There used to be a project, https://bazil.org/, that promised to do it. The website is still up, but it has not been updated in years.
The existing tool closest to what I envision is git-annex. It tracks what files live where, and you can sync single files or as much content as will fit on the local harddrive with a few commands. There is also git-annex-assistant for a more dropbox-like experience, although I haven't used it myself.
After some research it looks like seafile [1] and nextcloud virtual file mode [2] are viable candidates.
[1] https://www.seafile.com/en/home/ [2] https://nextcloud.com/blog/nextcloud-desktop-client-3-2-with...

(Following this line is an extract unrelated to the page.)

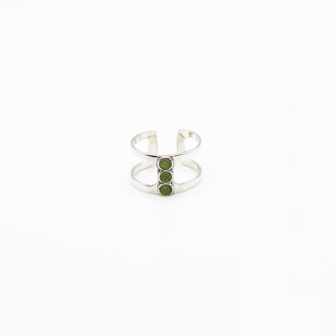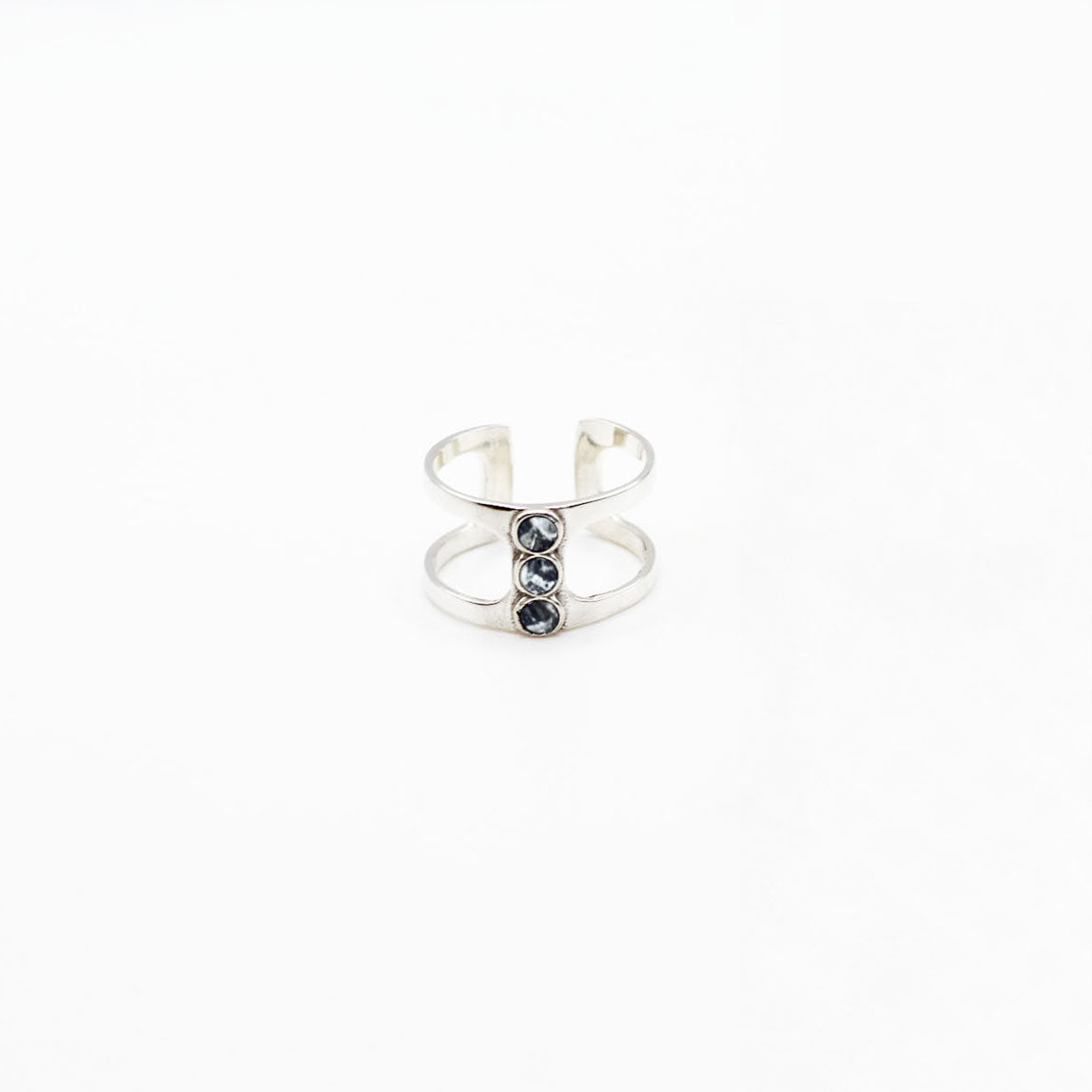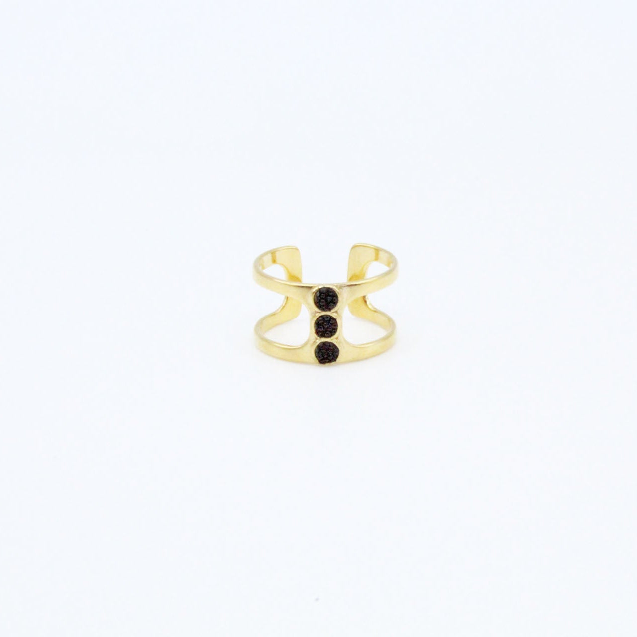 The Toogoodoo Ring boasts a distinct elegance with its three centered bezels embellished with eye-catching fish leather or fish eyes, adding a touch of personal style to your ensemble. This Ring is the perfect match for the Toogoodoo Cuff Bracelet.

I think you're looking for this: https://syncthing.net/
I used to use dropbox...I then spent years using raspberry pi's as storage devices, rclone, gdrive, s3 storage, syncthing and other solutions...I am now using dropbox again :-) (with rclone thrown in where needed)
You're describing a "distributed filesystem with client-side whole-file caching". The Andrew File System (AFSv2) did this back in the 1990s.
https://pages.cs.wisc.edu/~remzi/OSTEP/dist-afs.pdf
FWIW, complexity is introduced when the server is unavailable and the client-side caches need to be synced with the remote.
Sshfs, NFS, and SMB are substantially easier to set up and live with, so you're not fighting conflict resolutions inherent in multi-primary repositories.